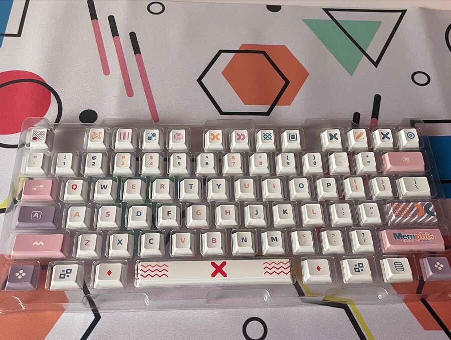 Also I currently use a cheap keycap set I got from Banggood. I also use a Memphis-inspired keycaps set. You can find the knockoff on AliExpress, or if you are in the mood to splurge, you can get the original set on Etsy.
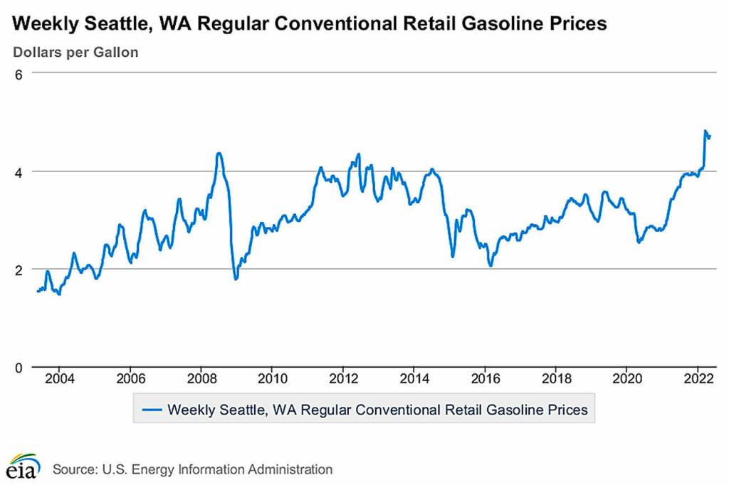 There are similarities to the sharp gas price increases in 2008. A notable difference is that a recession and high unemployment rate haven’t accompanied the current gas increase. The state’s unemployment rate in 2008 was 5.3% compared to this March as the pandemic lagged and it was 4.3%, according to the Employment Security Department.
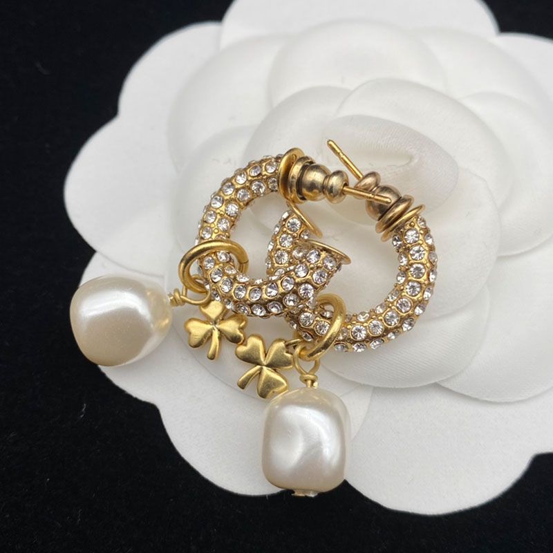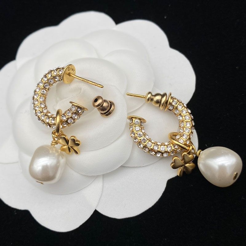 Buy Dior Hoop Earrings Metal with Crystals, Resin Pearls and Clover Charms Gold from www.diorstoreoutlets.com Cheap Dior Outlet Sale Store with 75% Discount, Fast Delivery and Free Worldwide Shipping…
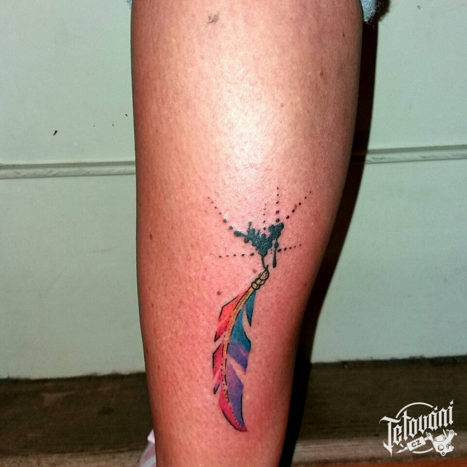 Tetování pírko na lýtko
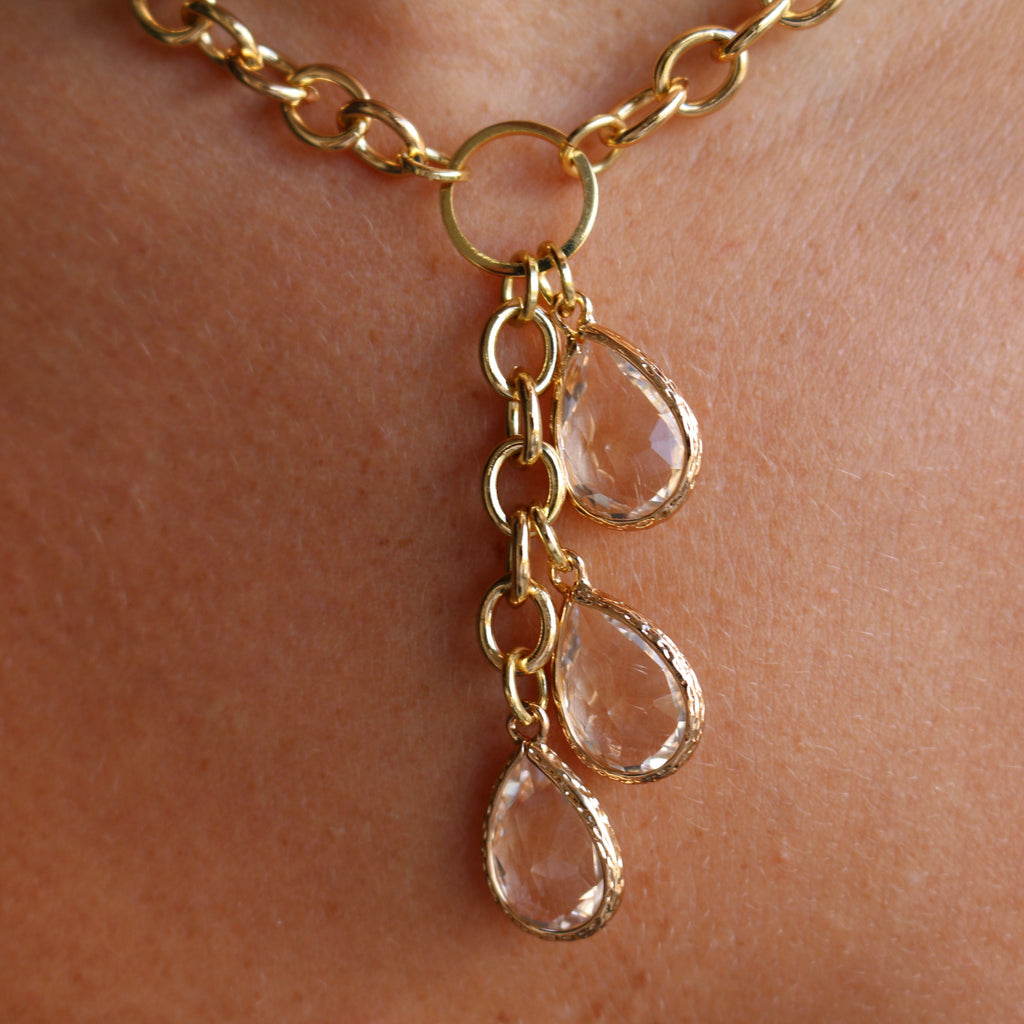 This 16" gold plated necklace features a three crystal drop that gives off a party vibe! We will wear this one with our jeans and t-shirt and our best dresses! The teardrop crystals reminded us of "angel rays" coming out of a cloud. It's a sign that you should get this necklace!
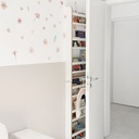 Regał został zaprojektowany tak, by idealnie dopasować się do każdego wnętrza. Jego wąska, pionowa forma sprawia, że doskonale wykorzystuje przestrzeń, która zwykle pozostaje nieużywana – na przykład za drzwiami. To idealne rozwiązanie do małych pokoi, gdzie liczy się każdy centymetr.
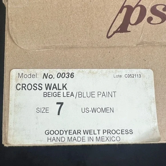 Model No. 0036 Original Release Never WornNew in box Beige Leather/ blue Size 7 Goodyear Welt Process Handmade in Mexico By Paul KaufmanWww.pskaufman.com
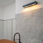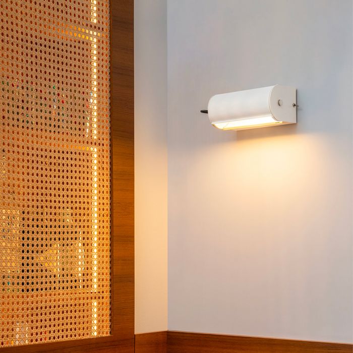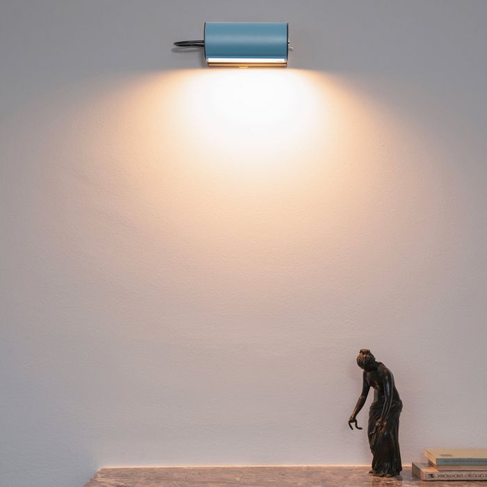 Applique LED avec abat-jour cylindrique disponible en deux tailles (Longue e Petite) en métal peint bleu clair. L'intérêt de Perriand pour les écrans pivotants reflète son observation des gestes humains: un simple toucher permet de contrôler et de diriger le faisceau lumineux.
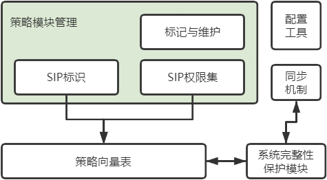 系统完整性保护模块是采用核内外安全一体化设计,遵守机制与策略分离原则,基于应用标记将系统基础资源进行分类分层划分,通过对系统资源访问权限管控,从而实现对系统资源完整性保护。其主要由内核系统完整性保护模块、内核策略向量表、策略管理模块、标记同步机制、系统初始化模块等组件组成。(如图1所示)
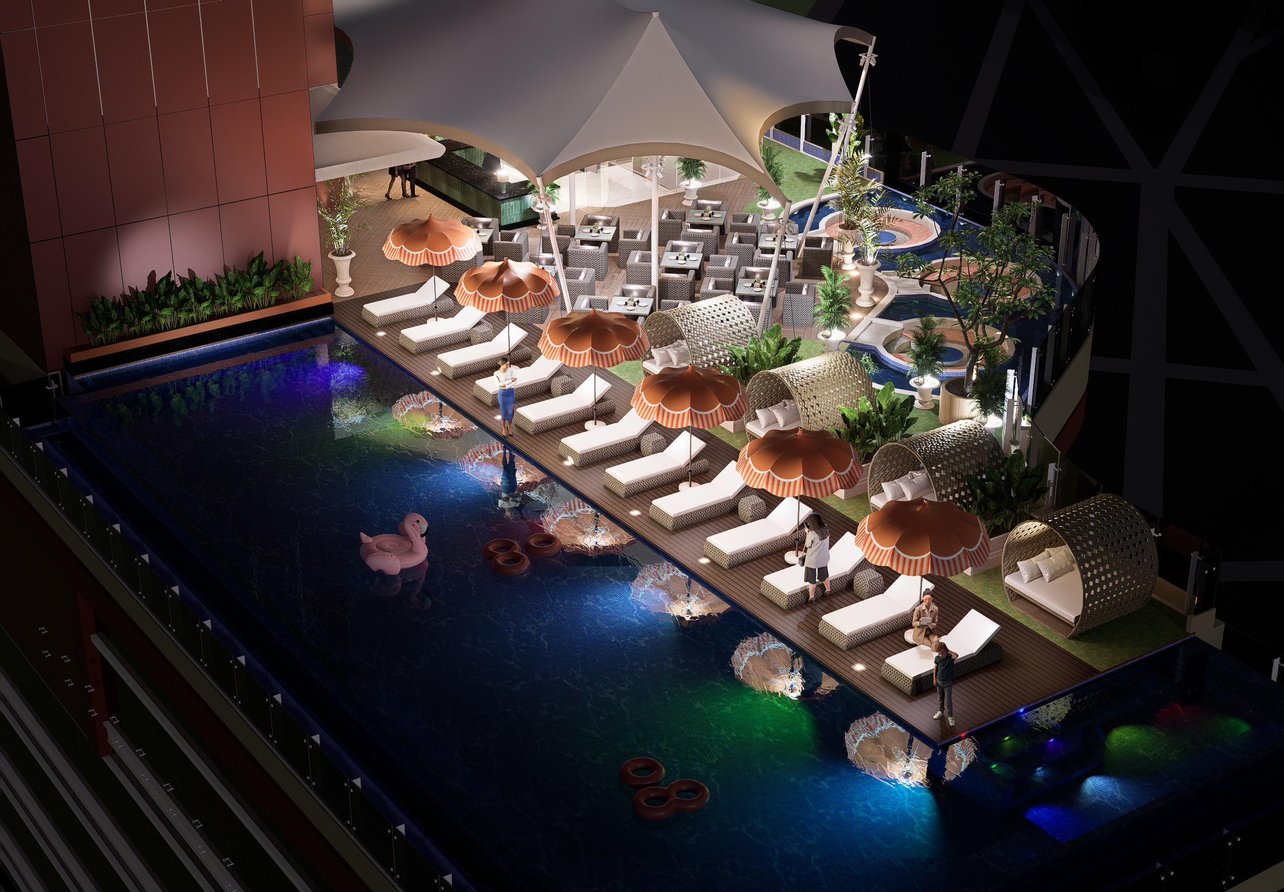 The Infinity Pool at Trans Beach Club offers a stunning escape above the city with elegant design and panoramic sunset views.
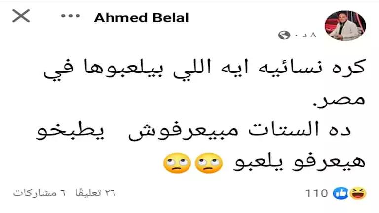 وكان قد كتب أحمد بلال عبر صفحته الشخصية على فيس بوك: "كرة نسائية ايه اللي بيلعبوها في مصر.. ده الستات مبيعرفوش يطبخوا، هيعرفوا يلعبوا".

**Exercise instructions**
Leaving the pictures aside, transcribe exactly the lines from the one containing "Buy Dior Hoop" to the final line of the entries above, both ends included.

**Solution to the problem**
 Buy Dior Hoop Earrings Metal with Crystals, Resin Pearls and Clover Charms Gold from www.diorstoreoutlets.com Cheap Dior Outlet Sale Store with 75% Discount, Fast Delivery and Free Worldwide Shipping…
 Tetování pírko na lýtko
 This 16" gold plated necklace features a three crystal drop that gives off a party vibe! We will wear this one with our jeans and t-shirt and our best dresses! The teardrop crystals reminded us of "angel rays" coming out of a cloud. It's a sign that you should get this necklace!
 Regał został zaprojektowany tak, by idealnie dopasować się do każdego wnętrza. Jego wąska, pionowa forma sprawia, że doskonale wykorzystuje przestrzeń, która zwykle pozostaje nieużywana – na przykład za drzwiami. To idealne rozwiązanie do małych pokoi, gdzie liczy się każdy centymetr.
 Model No. 0036 Original Release Never WornNew in box Beige Leather/ blue Size 7 Goodyear Welt Process Handmade in Mexico By Paul KaufmanWww.pskaufman.com
 Applique LED avec abat-jour cylindrique disponible en deux tailles (Longue e Petite) en métal peint bleu clair. L'intérêt de Perriand pour les écrans pivotants reflète son observation des gestes humains: un simple toucher permet de contrôler et de diriger le faisceau lumineux.
 系统完整性保护模块是采用核内外安全一体化设计,遵守机制与策略分离原则,基于应用标记将系统基础资源进行分类分层划分,通过对系统资源访问权限管控,从而实现对系统资源完整性保护。其主要由内核系统完整性保护模块、内核策略向量表、策略管理模块、标记同步机制、系统初始化模块等组件组成。(如图1所示)
 The Infinity Pool at Trans Beach Club offers a stunning escape above the city with elegant design and panoramic sunset views.
 وكان قد كتب أحمد بلال عبر صفحته الشخصية على فيس بوك: "كرة نسائية ايه اللي بيلعبوها في مصر.. ده الستات مبيعرفوش يطبخوا، هيعرفوا يلعبوا".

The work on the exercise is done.